The day, to be held on July 6, will be the first in a threeyear cycle. This year the focus will be upon children. Next year will be a day for the blessing of families and 2005 a day for the blessing of the aged.
In conjunction with the Redemptorists, the bishops have produced an eight-page supplement called Stay True to Life. and liturgical materials to enable priests to celebrate a Mass on the day.
Charles Wookey, assistant general secretary to the bishops' conference, said half a million copies had been produced at a cost of £25,000.
Archbishop Peter Smith told reporters: "In Evangelium Vitae, the Pope puts the life issues within the context of the family, and talks about the family as the sanctuary of life.
"What we are trying to do is get Catholics to take a positive view of life, of life as a gift. We are taking the Pope's view that in a discussion of life issues we must begin with life as a celebration.
"We are looking for our people to say: 'How can we possibly celebrate life? How can we promote children and child protection, which as you know, is a big issue, both in the Church and in society at large."
Josephine Quintavalle of the ProLife Alliance said she welcomed the day of celebrations, but was disappointed by the supplement.
She said: "Obviously we're delighted that, at long last, the bishops are setting aside a specific day in the calendar to address pm-life issues, and we hope it will be a day of great prayer and repentance.
"But as far as the magazine goes, I feel that the stalwarts that hold the pro-life movement together in this country will be disappointed. It is such an extraordinary mixture of the profound and absolutely superficial.
"Suggestions that we should have 'children to tea, tidy up the liturgy sheets, think about those we don't like', are just so increasingly trivial when contrasted with the relentless destruction of 600 unborn children through abortion."
Other pro-lifers have also expressed concern that the celebrations sideline abortion. They point to the section in Evangelium Vitae, where the Pope says the Day for Life should devote particular attention "to the seriousness of abortion and euthanasia, with out neglecting other aspects of life which from time to time deserve to be given careful consideration, as occasion and circumstances demand".

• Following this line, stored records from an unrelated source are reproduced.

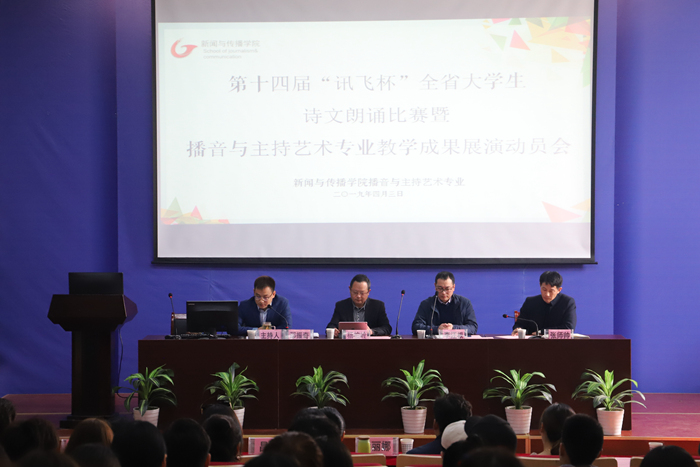 2019年4月3日下午2:30,第十四届“讯飞杯”全省大学生诗文朗诵比赛暨播音与主持艺术专业教学成果展演动员会于安徽师范大学行知楼一号楼307报告厅举行。校教务处副处长、创新创业教育学院副院长李汪根、新闻与传播学院党委书记张师帅、院长杨柏岭、播音与主持艺术专业教师、辅导员与全体同学参加了会议。会议由播音与主持艺术专业负责人邵振奇主持。
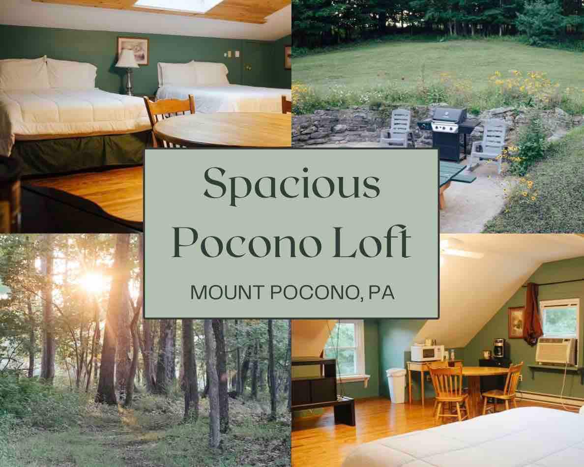 Escape to a cozy fall getaway near Kalahari, Mount Airy Casino, Crossings Outlets, Lake Wallenpaupack, & Tobyhanna State Park 2 miles away w/ fall foliage, & mountain air, lake views, wildlife, & picnic spots. Nestled off a rugged private road. This spa style retreat has a soaking tub, rain shower, smart lights, kitchen w/ smart stove, plush beds, LED mirrors w/ music sync, & retro arcade fun. Perfect for couples, birthday getaways or families seeking a peaceful Poconos stay w/ modern amenities.
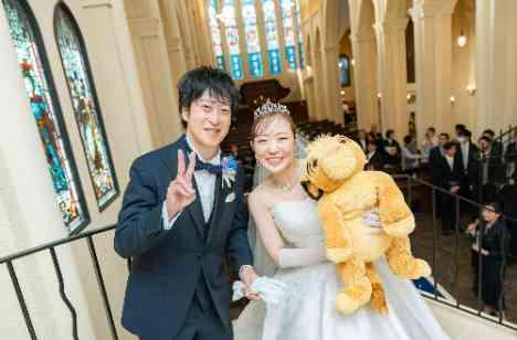 おなじみのブーケトスも大好きなキャラクターの「ぬいぐるみトス」で大盛り上がり! 大きなぬいぐるみが宙を舞ってゲストの腕の中に♪参加した誰もが笑顔になる心温まる時間になりました。おふたりらしいオリジナル演出も大聖堂の階段を使って楽しく実現。非日常空間で過ごす夢のような時間が流れ、いよいよお二人が拘りぬいた\ライブのようなパーティー/がスタートします!
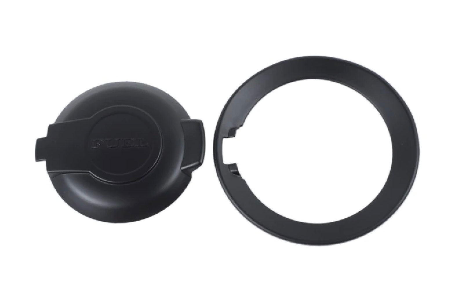 Made from ABS plastic with a flat black finish. Adheres with 3M tape to your factory fuel door for a quick change in appearance.
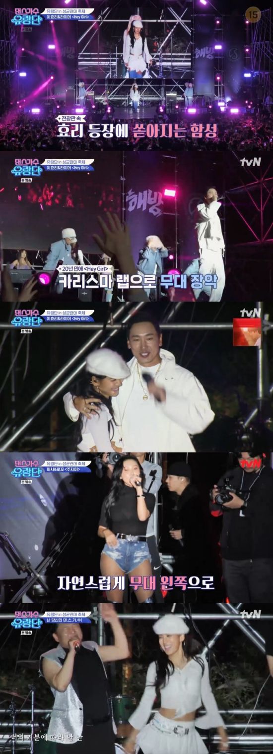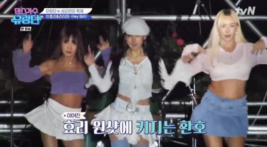 22일 방송된 tvN '댄스가수 유랑단'에서는 김완선, 이효리, 화사가 성균관대학교 축제 무대에 오른 장면이 전파를 탔다.

Jack Scarisbrick, of the national pro-life charity Life, said: "We're very grateful to the bishops for launching this ambitious Day for Life and hope that it will have a big
impact upon the Catholic community and remind them of the supreme importance of the pro-life cause.
"Stay True to Life speaks of the many dangers facing young people, but the supreme challenge is abortion and all that goes with it. This should be our central concern.

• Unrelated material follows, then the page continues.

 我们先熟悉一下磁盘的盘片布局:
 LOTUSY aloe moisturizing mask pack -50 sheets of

"We hope that the Day for Life, in subsequent years, will be clearly devoted to the prolife cause in the full and strict sense of the word."
Meanwhile, Bishop Thomas McMahon of Brentwood will become the first bishop in England and Wales to pray outside an abortion centre when he leads a silent vigil at a Marie Stopes Centre later this month.
The silent procession on June 14 has been organised by Fr Fidelis Moscinski and the London-based Franciscan Friars of the Renewal.